癌基因（oncogene）：通常表示原癌基因（proto oncogene）的突变体，这些基因编码的蛋白使细胞的生长失去控制，并转变成癌细胞，故称癌基因。

氨酰-tRNA合成酶（aminoacyl tRNA synthetase）：将氨基酸和对应的tRNA的3′端进行共价连接形成氨酰-tRNA的酶。

不同的氨基酸被不同的氨酰－tRNA合成酶所识别。

暗反应（light independent reaction）：光合作用中的另外一种反应，又称碳同化反应（carbon assimilation reaction)。

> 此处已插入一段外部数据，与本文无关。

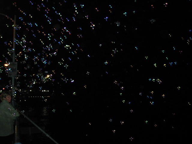 There was a man on the pier who called himself "The Bubble Man". We got the impression that he was a regular on the pier, because he had all sort of signs and fliers. But he was just sitting there with his generator-powered fan which was automatically blowing little bubbles over the ocean. He also had a few large bubble blowers that he used to entertain the kids that came around. For whatever reason, we sat there and watched the hundreds of bubbles for a while.
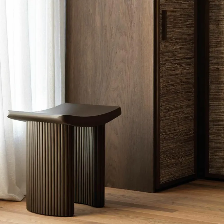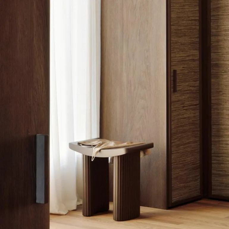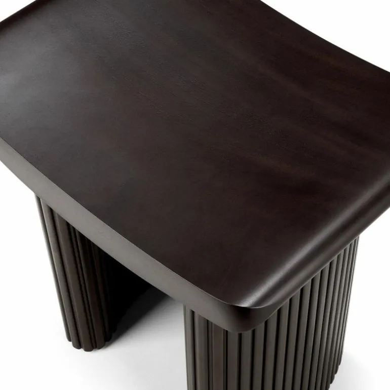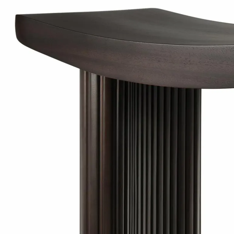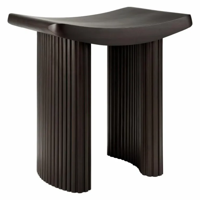 De kruk is gemaakt van donkerbruin gekleurd mahoniehout en is behandeld met een beschermende vernislaag. De Roller Max kruk heeft een afmeting van 48 cm breed bij 35 cm diep en heeft een zithoogte van 49 cm.
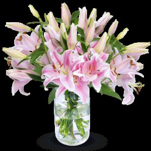 Diese 12 pinken Lilien versprühen gute Laune und Frohsinn und begeistern mit ihren besonders großen rosa Blüten einfach jeden. Ihre ausdrucksstarke Form und ihr toller Duft machen sie zu einem herrlichen Geschenk, um die beste Freundin, die Mama, die Oma oder die Schwester aufzumuntern oder einfach deine Bewunderung und freundschaftliche Liebe auszudrücken. Und auch als Dekoration in den eigenen vier Wänden sorgen die eleganten Hingucker für positive Gefühle und ein tolles Ambiente.
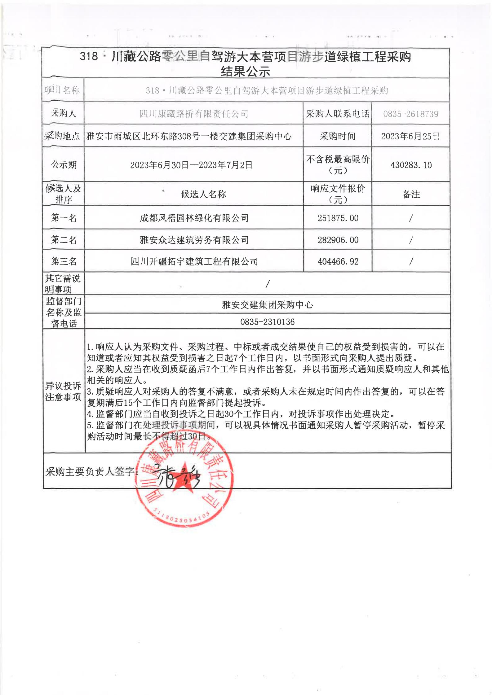 四川康藏路橋有限責(zé)任公司318·川藏公路零公里自駕游大本營(yíng)項(xiàng)目游步道綠植工程采購(gòu)結(jié)果公示
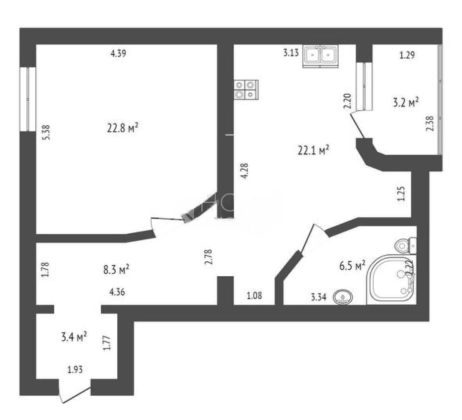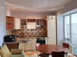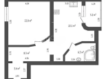 Планировка: Очень комфортная планировка, все помещения правильной формы. Широкая входная зона. Просторная квартира с кухнй-гостиной 22 кв.м, имеется выход на балкон 3,2 кв.м.. Светлая спальня 22 кв.м. Вся мебель и техника под заказ их Европы. Совмещенный санузел имеет большую угловую ванну. Окна выходят на две стороны дома (распашонка), что обеспечит комфортные условия в жаркую погоду.

该反应利用光反应生成的ATP和NADPH中的能量，固定CO2生成糖类。

白介素-1β转换酶（interleukin-1β converting enzyme，ICE）：Caspase-1，Caspase家族成员之一，线虫Ced3在哺乳动物细胞中的同源蛋白，催化白介素-1β前体的剪切成熟过程。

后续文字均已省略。